Una guía práctica: automatizar, potenciar o mantener el liderazgo humano
La siguiente tabla pretende orientar a los directores jurídicos y sus equipos a la hora de dividir lo que debe dejarse en manos de la tecnología, lo que esta puede mejorar y lo que no debe tocar. Cada equipo tiene objetivos y prioridades diferentes, pero la lógica sigue siendo válida independientemente del sector o del tamaño de la empresa. Significa pensar en el valor antes que en las funciones.
| Qué | Cuando | Casos prácticos | |
| Automatizar | Tareas de gran volumen, sujetas a reglas y reversibles | Para tareas repetitivas, basadas en datos y de bajo riesgo. Los errores pueden corregirse rápidamente. | Clasificación y etiquetado de documentos; extracción de datos contractuales; revisión de acuerdos de confidencialidad según guías estándar. |
| Potenciar | Decisiones contextuales que requieren un análisis multifactorial | Para tareas en las que la IA puede acelerar los procesos (señalar errores, extraer datos…) pero que requieren una valoración antes de la aprobación o la toma de decisiones. | Supervisión de cambios normativos; sugerencias de modificaciones en contratos, análisis de riesgos de litigio; síntesis de investigación jurídica, mapeo de cumplimiento ESG. |
| Mantener el liderazgo humano | Decisiones éticamente delicadas, irreversibles o dependientes de las relaciones | Tareas con graves consecuencias jurídicas, para la reputación o las relaciones.

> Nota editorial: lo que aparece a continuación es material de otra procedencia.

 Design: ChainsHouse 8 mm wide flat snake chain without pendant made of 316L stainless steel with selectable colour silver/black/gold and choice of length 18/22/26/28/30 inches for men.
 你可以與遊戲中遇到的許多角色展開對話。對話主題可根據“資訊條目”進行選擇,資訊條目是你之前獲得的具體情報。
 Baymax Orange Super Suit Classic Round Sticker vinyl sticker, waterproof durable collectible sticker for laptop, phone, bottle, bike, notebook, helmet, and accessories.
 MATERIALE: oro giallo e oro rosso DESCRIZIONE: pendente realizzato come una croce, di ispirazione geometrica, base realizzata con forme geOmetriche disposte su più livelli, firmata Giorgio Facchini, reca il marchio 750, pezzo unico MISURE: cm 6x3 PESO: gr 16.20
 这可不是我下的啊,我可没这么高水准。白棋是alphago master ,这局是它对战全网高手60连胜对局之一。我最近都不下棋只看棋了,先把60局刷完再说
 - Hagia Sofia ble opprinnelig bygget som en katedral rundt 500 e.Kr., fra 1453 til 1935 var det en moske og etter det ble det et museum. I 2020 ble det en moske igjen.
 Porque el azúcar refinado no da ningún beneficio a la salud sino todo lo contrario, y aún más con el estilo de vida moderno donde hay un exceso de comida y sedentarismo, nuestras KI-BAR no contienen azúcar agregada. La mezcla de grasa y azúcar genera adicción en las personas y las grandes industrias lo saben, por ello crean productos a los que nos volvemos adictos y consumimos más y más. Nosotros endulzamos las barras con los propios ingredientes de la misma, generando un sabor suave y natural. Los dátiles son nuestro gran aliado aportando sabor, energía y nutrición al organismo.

Los errores no pueden deshacerse y una persona debe rendir cuentas. | Asesoramiento estratégico al consejo de administración, posiciones finales de negociación; respuestas a la aplicación de la normativa; cualquier decisión que determine la responsabilidad de la organización. |
Un ejemplo
Imaginemos a una directora jurídica que se enfrenta a la presión del consejo de administración para demostrar el impacto de la IA antes de fin de año. Automatiza la clasificación de contratos y la revisión de acuerdos de confidencialidad (NDA) siguiendo guiones estándar. Es rápido de implementar y sencillo de medir. Las respuestas al cumplimiento normativo y las posiciones finales de negociación siguen estando dirigidas por personas, con una aprobación clara en cada paso. El consejo ve progresos tangibles, mientras que el departamento jurídico mantiene el control de las decisiones que tienen un peso real.

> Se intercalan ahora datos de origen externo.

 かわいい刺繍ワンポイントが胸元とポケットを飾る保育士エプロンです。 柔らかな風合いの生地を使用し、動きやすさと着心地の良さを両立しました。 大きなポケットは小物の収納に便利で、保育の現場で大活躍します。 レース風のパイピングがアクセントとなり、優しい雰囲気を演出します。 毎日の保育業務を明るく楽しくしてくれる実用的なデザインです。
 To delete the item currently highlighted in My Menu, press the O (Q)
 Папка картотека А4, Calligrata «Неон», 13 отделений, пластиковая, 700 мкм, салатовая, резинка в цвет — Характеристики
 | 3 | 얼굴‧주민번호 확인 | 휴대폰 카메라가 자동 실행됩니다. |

Los directores jurídicos y los profesionales del ámbito legal que tratan esta cuestión como una mera cuestión técnica corren el riesgo de quedarse cortos en su adopción de la IA y, en última instancia, también se exponen a responsabilidades legales.

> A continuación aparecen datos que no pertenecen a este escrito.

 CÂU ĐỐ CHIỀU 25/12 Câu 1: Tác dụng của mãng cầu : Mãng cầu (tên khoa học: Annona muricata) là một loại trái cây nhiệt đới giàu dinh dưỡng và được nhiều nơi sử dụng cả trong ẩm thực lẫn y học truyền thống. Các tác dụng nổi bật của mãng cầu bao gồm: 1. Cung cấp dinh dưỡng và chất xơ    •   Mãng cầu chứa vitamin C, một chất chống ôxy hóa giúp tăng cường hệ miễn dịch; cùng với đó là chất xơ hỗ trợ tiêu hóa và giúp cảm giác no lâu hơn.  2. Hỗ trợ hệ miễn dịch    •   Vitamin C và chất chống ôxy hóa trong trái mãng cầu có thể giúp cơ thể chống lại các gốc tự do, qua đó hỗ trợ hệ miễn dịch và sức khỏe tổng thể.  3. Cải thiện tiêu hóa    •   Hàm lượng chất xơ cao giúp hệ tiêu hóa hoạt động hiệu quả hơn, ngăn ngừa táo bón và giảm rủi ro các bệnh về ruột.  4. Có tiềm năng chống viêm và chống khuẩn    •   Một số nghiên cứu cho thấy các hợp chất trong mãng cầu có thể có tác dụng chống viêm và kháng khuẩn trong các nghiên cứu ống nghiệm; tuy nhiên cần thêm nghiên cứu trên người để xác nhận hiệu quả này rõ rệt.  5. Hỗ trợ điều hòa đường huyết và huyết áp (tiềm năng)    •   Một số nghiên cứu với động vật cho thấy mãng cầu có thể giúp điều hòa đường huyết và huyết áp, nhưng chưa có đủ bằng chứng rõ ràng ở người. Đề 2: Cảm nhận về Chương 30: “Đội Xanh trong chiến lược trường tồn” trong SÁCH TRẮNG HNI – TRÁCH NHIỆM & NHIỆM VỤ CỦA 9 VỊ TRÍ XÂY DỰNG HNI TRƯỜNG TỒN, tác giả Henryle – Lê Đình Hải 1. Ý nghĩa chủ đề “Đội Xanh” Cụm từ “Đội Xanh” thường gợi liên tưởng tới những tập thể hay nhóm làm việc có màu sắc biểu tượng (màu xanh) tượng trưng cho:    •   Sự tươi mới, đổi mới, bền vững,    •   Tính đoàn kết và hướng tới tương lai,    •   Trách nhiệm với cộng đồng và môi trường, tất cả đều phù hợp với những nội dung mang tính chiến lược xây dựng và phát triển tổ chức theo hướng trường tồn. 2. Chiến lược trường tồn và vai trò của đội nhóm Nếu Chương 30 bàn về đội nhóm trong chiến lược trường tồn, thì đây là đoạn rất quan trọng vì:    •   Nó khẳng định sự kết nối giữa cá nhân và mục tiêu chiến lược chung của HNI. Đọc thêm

El papel del director jurídico: gestionar el equilibrio
También hay que gestionar los límites. Gartner recomienda que el Director Jurídico concentre la supervisión en los casos de uso de IA de alto riesgo utilizando criterios claros de aprobación o denegación, en lugar de aplicar fricciones a todas las iniciativas. A medida que las capacidades evolucionan y la organización aprende, esa línea cambia.
Gestionarla es una responsabilidad permanente, no una configuración puntual. Requiere un marco diseñado para mantenerse a lo largo del tiempo. Ninguna otra función combina de la misma manera la conciencia del riesgo, la autoridad de gobernanza y la visibilidad interfuncional. El director jurídico es la persona adecuada para liderar este debate.
La automatización legal consciente empieza por saber dónde parar
Las organizaciones que aciertan con la automatización jurídica automatizan con claridad. Esta claridad, a su vez, requiere un marco y disciplina para seguirlo.
Adoptar un enfoque consciente de IA es la única forma de resolver realmente las necesidades de su equipo, automatizar de forma inteligente y limitar su búsqueda a los proveedores de servicios que se ajusten a sus expectativas.